What is keeping Chief People Officers up at night in 2018?

“The world is changing. We all know this. And as that world changes, if you don't transform your company, you're stuck.” – Ursula Burns, former CEO, Xerox and Board Director, Uber

Same to be said for how we recruit, develop and retain the most critical asset to our businesses: talent.


The workplace is transforming and “survival of the fittest” dictates that companies that thrive in tomorrow’s workplace will be those that successfully adapted. We could bore you with the research correlating employee happiness and business profitability – but truth is, you already know this.


Chief People Officers (also known as Chief HR Officers) spend their waking and sleeping hours thinking about how to evolve their recruitment, engagement and retention strategies to the ever-changing workplace. Why? Because these strategies will make or break their businesses. To keep it all the way real, we wanted to share some direct insights from this esteemed group of experts.

So, let’s get to it shall we? Starting with hiring…


Brandon Atkinson, Roviant Sciences


Brandon, Chief People Officer of Roviant Sciences and a former Operations Executive at high growth organizations like Opsware and AppNexus, brings a unique insight into hiring a team of technical people. Recruiting and cultivating the right talent is perhaps the biggest competitive advantage a company can have. “My biggest worry is just being able to bring top talent to the company,” said Brandon.


“As a smaller organization, it is often hard to compete on compensation packages with some of the typical tech giants,” said Brandon. However, he added that, “candidates are asking more and more about the non-financial benefits of joining the company.” These benefits include an array of things from development opportunities all the way to robust employee interest groups. “We have to be prepared to answer those questions and provide programming that meets their expectations,” said Brandon.


But once they get in the door, how do you create a differentiated employee experience to retain them?


Maintaining Engagement

Meg Makalou, The Climate Corporation


Your dream candidate has accepted the offer. She onboards and gets started. Things are going incredibly well, and she is exceeding expectations. But how do you keep her?

“It’s one thing to get them to join, but how do you keep them engaged?” said Meg Makalou, Chief People Officer of The Climate Corporation. In chatting with Meg, it really seems there are two aspects to this: (1) talent mobility and (2) connectedness.

“Top talent in organizations of much greater size have the opportunity to rotate through several types of roles; they can essentially have multiple careers in one company. It is hard to compete with that,” said Meg. Also, once we have them in their roles, “how do you build scalable opportunities to create those connections in a company that is growing quickly?”

A 2017 HBR article on Work and the Loneliness Epidemic shared that “designing and modeling a culture that supports connection is more important than any single (employee) program.”

Companies seem to be experimenting with solutions to both issues. But here’s the next question: how do you ensure that you’re growing leaders who can have substantial impact on the organization?

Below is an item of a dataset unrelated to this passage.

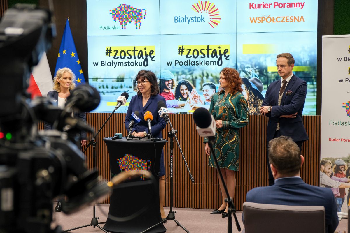 Kampanię pod hasłem „Zostaję w Białymstoku, zostaję w Podlaskiem” zainaugurowano dzisiaj podczas specjalnej konferencji prasowej w Urzędzie Marszałkowskim Województwa Podlaskiego. Kampanię organizują Kurier Poranny i Gazeta Współczesna. Partnerami strategicznymi są samorządy: województwa oraz miasta Białegostoku. W kampanii udział biorą także Uniwersytet Medyczny w Białymstoku, Politechnika Białostocka, Wschodnioeuropejska Akademia Nauk Stosowanych oraz Wyższa Szkoła Ekonomiczna.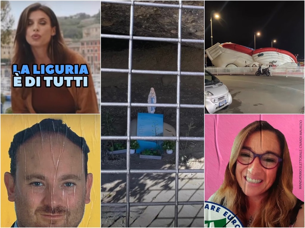C’è di tutto, tra orrori in salsa ligure, terrificanti cartelli, gonfiabili dal tema discutibile, testimonial esotici, Madonnina incarcerate e una campagna elettorale scontornata male.

# of Leaders << # of Managers

Colleen McCreary, Credit Karma

As people grow in an organization, it is quite common for them to get larger roles, get more direct reports and have greater responsibility. But does having a team automatically make you a leader?

Nope, it does not.


In fact, Colleen McCreary, Chief People Officer at Credit Karma, shared, “there’s a difference between managers and leadership; I frequently seem to be short on leaders relative to manager, no matter where I’ve worked.” When I asked if training was the secret sauce to creating leaders in the organization, Colleen responded, “sometimes its training, but usually it’s experience, confidence, being willing to take risks – being willing to voice an unpopular opinion.“


Of great leaders and the new workplace, Renelle Darr of the Forbes Coaches Council wrote, “humans who embrace wellness, emotional intelligence and conscious growth become leaders and employees capable of working in new ways. Conscious leaders are able to look at the strategy and processes within an organization and begin shifting them by flattening hierarchies and empowering people to bring all of their gifts, talents and values to work. It is these types of cultures where employees not only find meaning at work but produce extraordinary results.”


In summary, the new workplace experience is one where employees feel included, developed and connected. Salary was once the main advantage of one job vs. another, but we’re now seeing a workplace evolve where connectedness, professional opportunities and the strength of leaders is the primary consideration.